* **Items from a data source**:
--*--

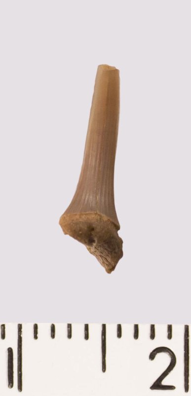 Зуб (фрагмент). Акула. Scapanorhynchus rhaphiodon Agassiz 1843. Классификация: Хордовые Chordata, Позвоночные Vertebrata, Хрящевые рыбы Chondrichthyes, Пластиножаберные Elasmobranchii
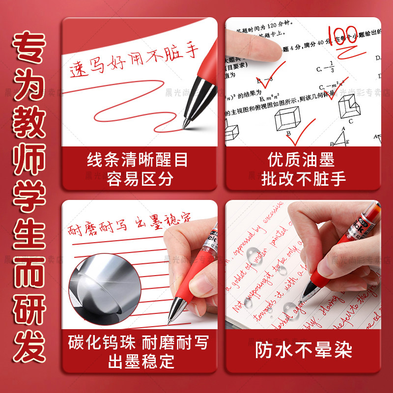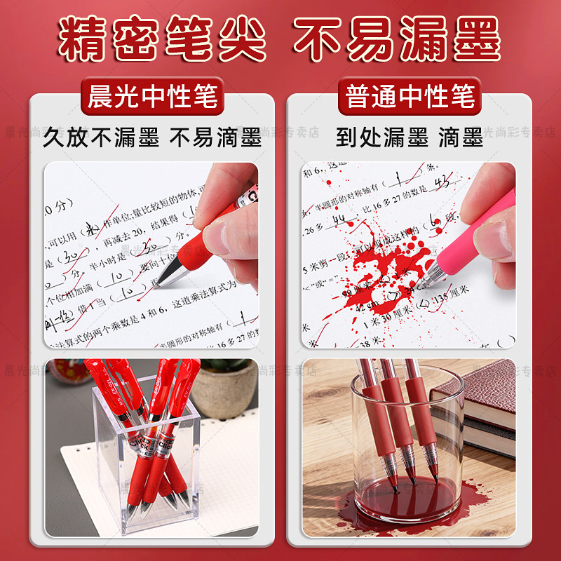 晨光K35红笔学生专用红色中性笔教师老师专用批改作业教师节礼物按动式标记红色水笔高颜值速干子弹头0.5mm
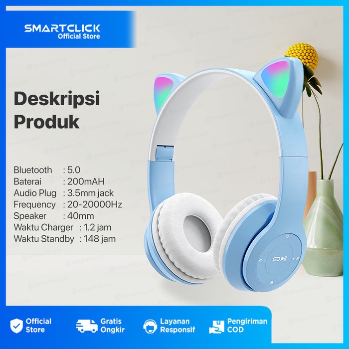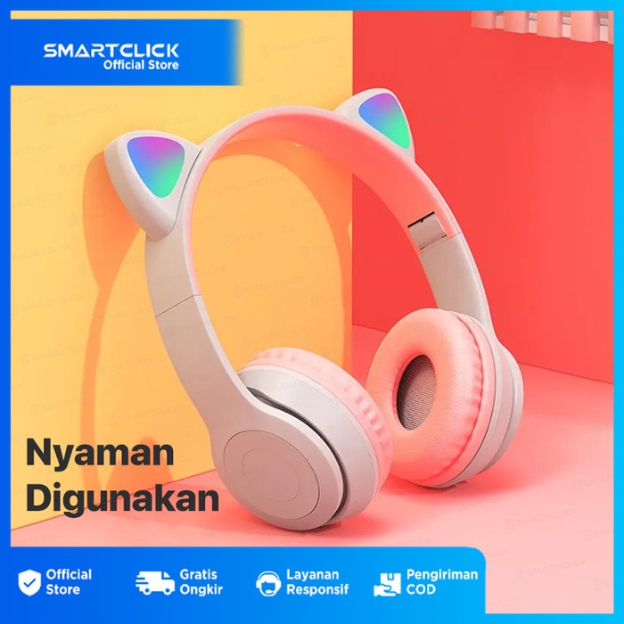 Headset Bluetooth Wireless LED Bass Telinga Kucing Stereo With Mic
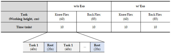 EMG electrodes were attached to the specified 16 locations (8 muscles, left/right) for EMG data measurement. After measuring the resting EMG and MVC, the participants performed four tasks (w/o Exo and w/ Exo at two working heights) for 10 min each. All tasks were randomized for each participant, and each task was repeated ten times with a 40 s bolting task and a 20 s break time (Figure 7). Finally, Xsens IMU sensors were attached to 17 body parts, and calibration was performed to collect motion data.
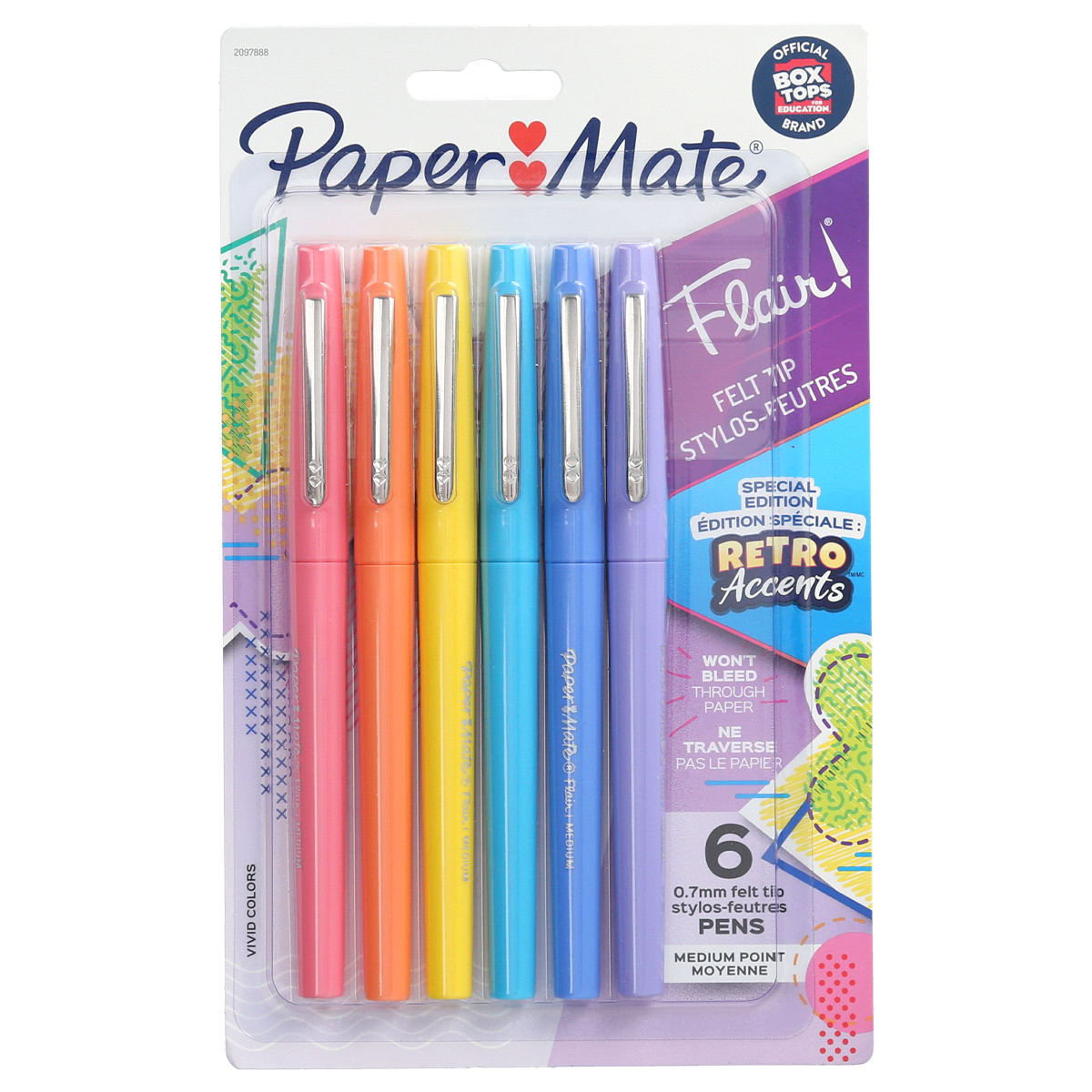 Paper Mate Flair Felt Tip Pens, Medium Point, Assorted, Special Edition Retro Accents, 6 Pack
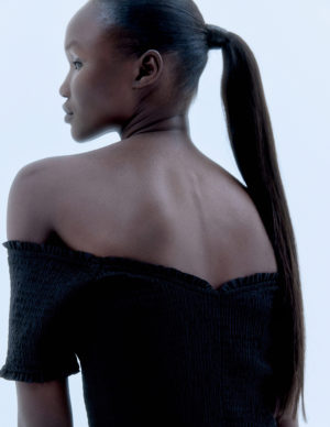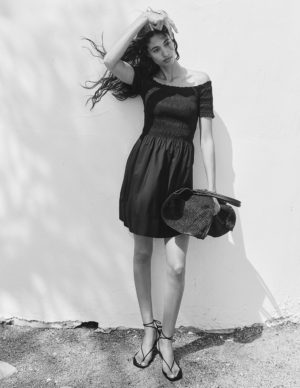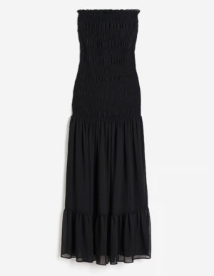 M L XLДовга сукня-бандо з прозорого шифону з оверлочною обробкою зверху та набірною частиною на ліфі та стегнах. Злегка розкльошена спідниця зі зібраним низом. Частково на підкладці
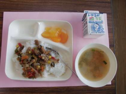 本日のメニューは、「夏野菜飯」「パワースープ」「トロピカルゼリー」「牛乳」です。
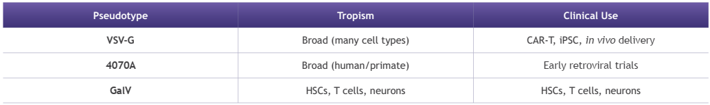 重組慢病毒可以通過不同的包膜蛋白來提高轉(zhuǎn)導(dǎo)效率和改變特異性,從而直接影響下游純化策略。
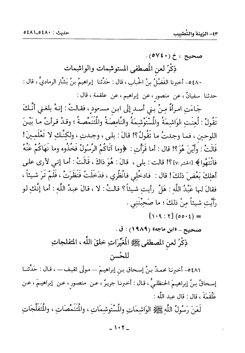 لَعَنَ رَسُولُ اللَّهِ صَلَّى اللَّهُ عَلَيْهِ وَسَلَّمَ الْوَاشِمَاتِ وَالْمُسْتَوْشِمَاتِ، والمتنمِّصات، والمتفلِّجات -[103]- لِلْحُسْنِ، الْمُغَيِّرَاتِ خَلْقَ اللَّهِ، قَالَ: فَبَلَغَ ذَلِكَ امْرَأَةً مِنْ بَنِي أَسَدٍ - يُقَالُ لَهَا: أُمُّ يَعْقُوبَ -؛ كَانَتْ تَقْرَأُ الْقُرْآنَ، فَأَتَتْهُ، فَقَالَتْ: مَا حَدِيثٌ بَلَغَنِي عَنْكَ أَنَّكَ لَعَنْتَ الْوَاشِمَاتِ وَالْمُسْتَوْشِمَاتِ، وَالْمُتَنَمِّصَاتِ، وَالْمُتَفَلِّجَاتِ لِلْحُسْنِ، الْمُغَيِّرَاتِ خَلْقَ اللَّهِ؟! فَقَالَ عَبْدُ اللَّهِ: وَمَا لِي لَا أَلْعَنُ مَنْ لَعَنَ رَسُولُ اللَّهِ صَلَّى اللَّهُ عَلَيْهِ وَسَلَّمَ، وَهُوَ فِي كِتَابِ اللَّهِ؟! قَالَتِ الْمَرْأَةُ: لَقَدْ قَرَأْتُ مَا بَيْنَ لَوْحَيِ الْمُصْحَفِ، فَمَا وَجَدْتُهُ؟! قَالَ: وَاللَّهِ إِنْ كُنْتِ قَرَأْتِيهِ لَقَدْ وَجَدْتِيهِ! ثُمَّ قَالَ: {وَمَا آتَاكُمُ الرَّسُولُ فَخُذُوهُ وَمَا نَهَاكُمْ عَنْهُ فَانْتَهُوا} [الحشر: 7]؛ قَالَ: قَالَتِ الْمَرْأَةُ: فَإِنِّي أَرَى شَيْئًا مِنْ هَذَا الْآنَ عَلَى امْرَأَتِكَ! قَالَ: فَاذْهَبِي فَانْظُرِي، قَالَ: فَدَخَلَتْ عَلَى امْرَأَةِ عَبْدِ اللَّهِ، فَلَمْ ترى شَيْئًا، فَجَاءَتْ إِلَيْهِ، فَقَالَتْ: مَا رَأَيْتُ شَيْئًا، فقال: أما لوكان ذلك؛ لم نجامعها.
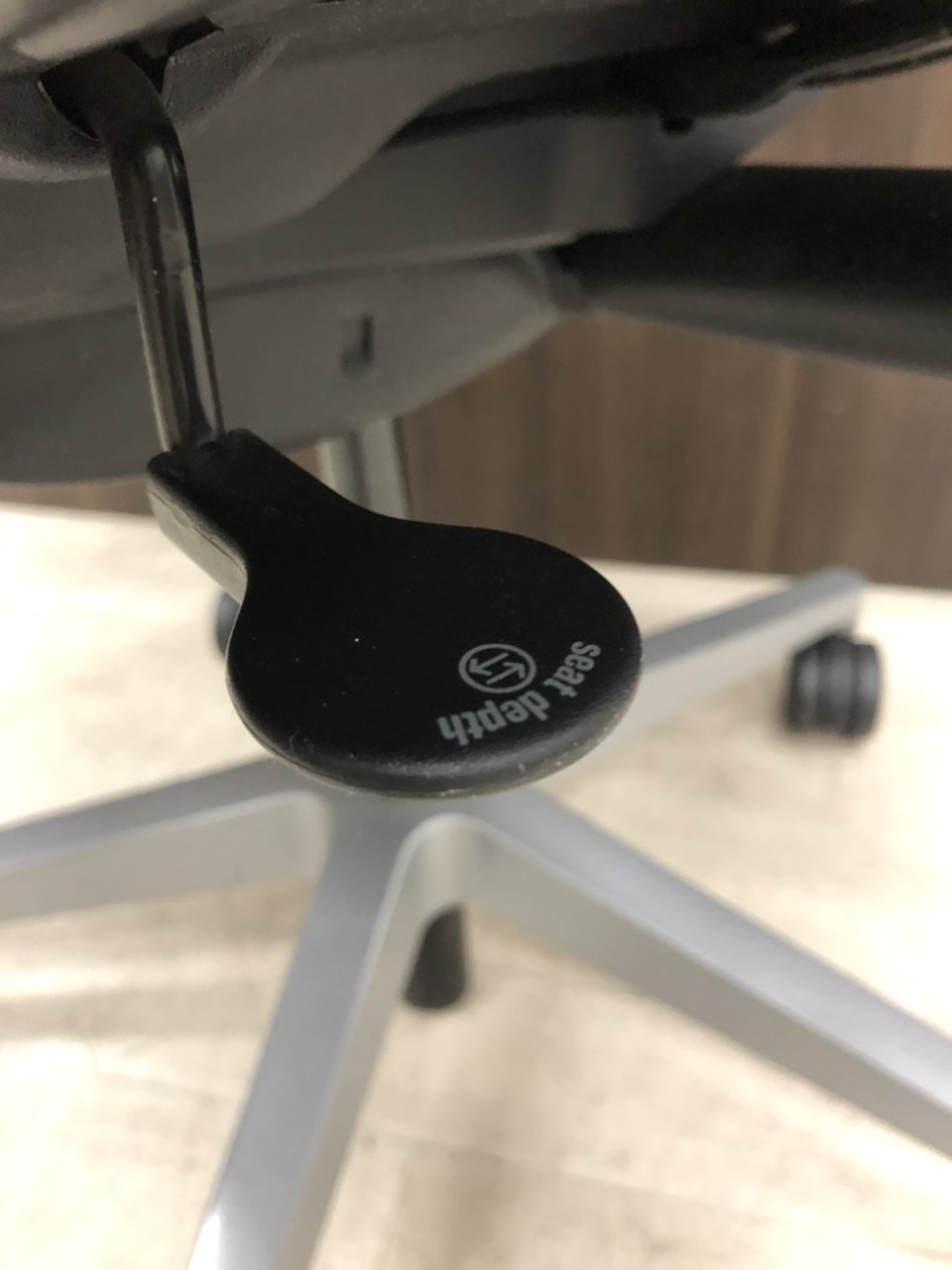 - 前後75㎜で調節可能。様々な体格にフィットします。座前縁部チルト機構も搭載で、前傾姿勢時の大腿部への負担も軽減します。

--*--

For this answer, return word for word the lines from the first line of the records through the line containing "Paper Mate Flair". Omit the pictures.

* **SOLVED EXERCISE**:
 Зуб (фрагмент). Акула. Scapanorhynchus rhaphiodon Agassiz 1843. Классификация: Хордовые Chordata, Позвоночные Vertebrata, Хрящевые рыбы Chondrichthyes, Пластиножаберные Elasmobranchii
 晨光K35红笔学生专用红色中性笔教师老师专用批改作业教师节礼物按动式标记红色水笔高颜值速干子弹头0.5mm
 Headset Bluetooth Wireless LED Bass Telinga Kucing Stereo With Mic
 EMG electrodes were attached to the specified 16 locations (8 muscles, left/right) for EMG data measurement. After measuring the resting EMG and MVC, the participants performed four tasks (w/o Exo and w/ Exo at two working heights) for 10 min each. All tasks were randomized for each participant, and each task was repeated ten times with a 40 s bolting task and a 20 s break time (Figure 7). Finally, Xsens IMU sensors were attached to 17 body parts, and calibration was performed to collect motion data.
 Paper Mate Flair Felt Tip Pens, Medium Point, Assorted, Special Edition Retro Accents, 6 Pack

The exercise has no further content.